--- DATA SECTION ---

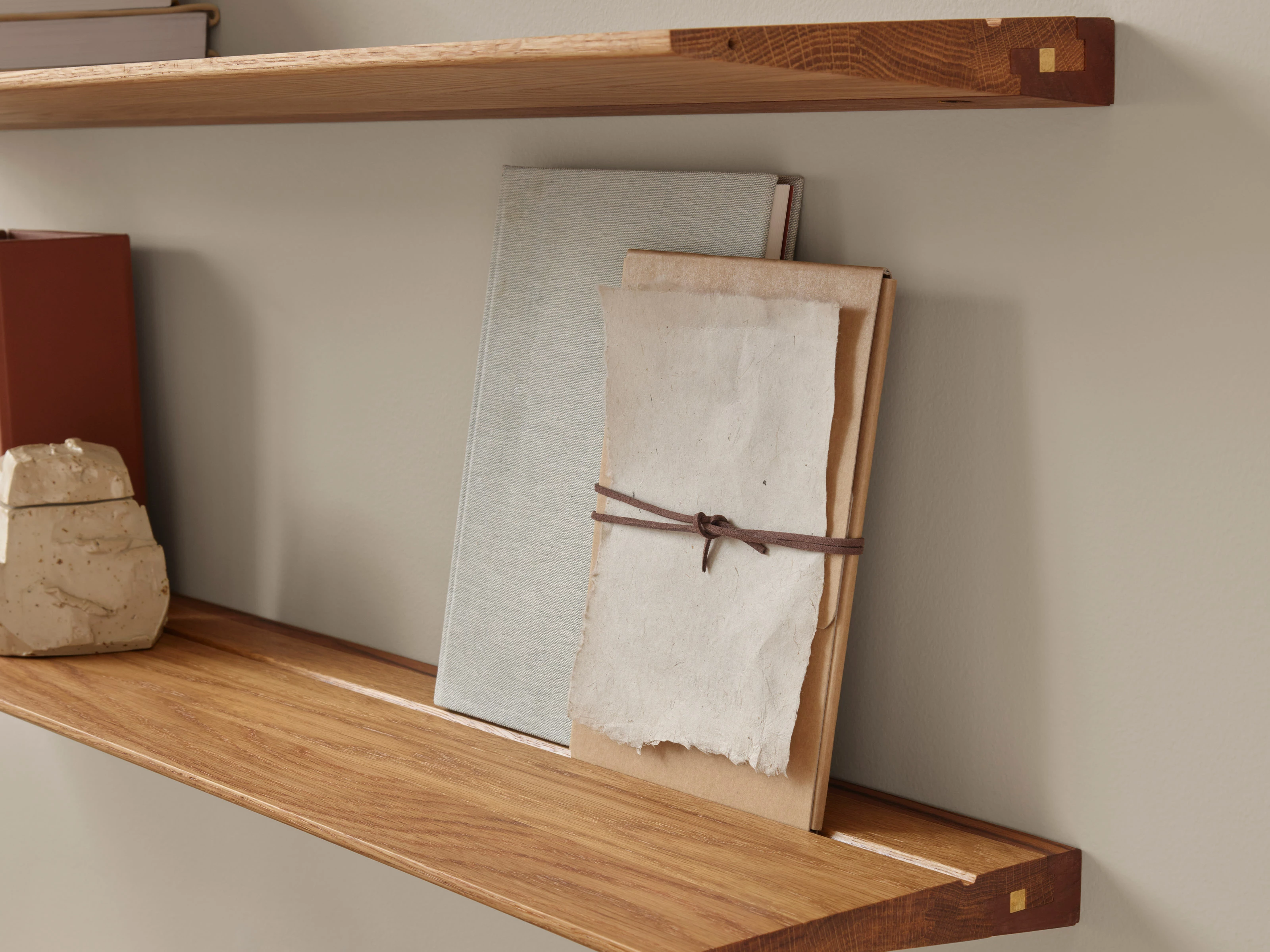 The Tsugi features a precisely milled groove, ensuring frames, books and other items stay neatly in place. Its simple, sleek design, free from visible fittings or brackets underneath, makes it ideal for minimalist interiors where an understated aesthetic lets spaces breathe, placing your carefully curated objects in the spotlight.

---
--- DATA SECTION ---

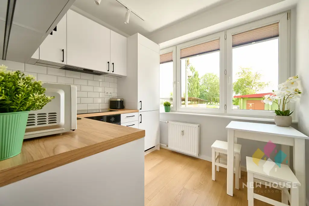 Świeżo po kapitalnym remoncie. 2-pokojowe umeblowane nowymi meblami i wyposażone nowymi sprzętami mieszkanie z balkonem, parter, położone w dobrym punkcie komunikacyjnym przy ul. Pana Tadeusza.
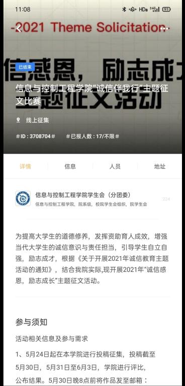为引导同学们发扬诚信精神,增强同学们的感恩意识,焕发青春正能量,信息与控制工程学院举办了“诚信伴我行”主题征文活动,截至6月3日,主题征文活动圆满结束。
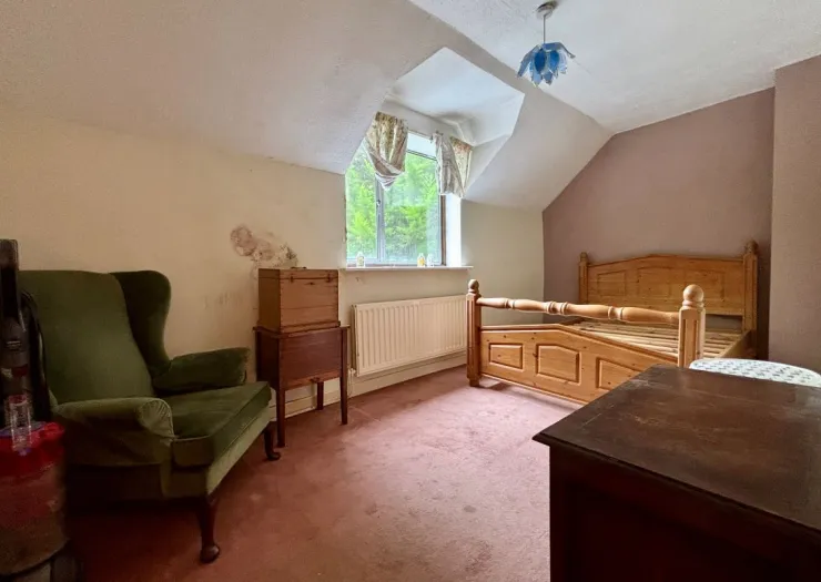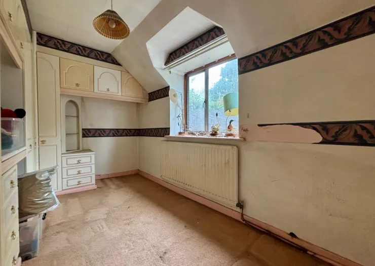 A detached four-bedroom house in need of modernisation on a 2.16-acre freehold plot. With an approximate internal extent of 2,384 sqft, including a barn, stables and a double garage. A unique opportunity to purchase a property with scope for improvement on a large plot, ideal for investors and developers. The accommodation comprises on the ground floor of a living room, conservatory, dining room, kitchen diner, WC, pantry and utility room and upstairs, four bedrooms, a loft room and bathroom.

---

§ THE TASK: A verbatim reproduction is expected: starting at the line above that has "为引导同学们发扬诚信精神,增", ending at the line that has "A detached four-bedroom", both included, and with no pictures and no other lines.

§ ANSWER SECTION:
为引导同学们发扬诚信精神,增强同学们的感恩意识,焕发青春正能量,信息与控制工程学院举办了“诚信伴我行”主题征文活动,截至6月3日,主题征文活动圆满结束。
 A detached four-bedroom house in need of modernisation on a 2.16-acre freehold plot. With an approximate internal extent of 2,384 sqft, including a barn, stables and a double garage. A unique opportunity to purchase a property with scope for improvement on a large plot, ideal for investors and developers. The accommodation comprises on the ground floor of a living room, conservatory, dining room, kitchen diner, WC, pantry and utility room and upstairs, four bedrooms, a loft room and bathroom.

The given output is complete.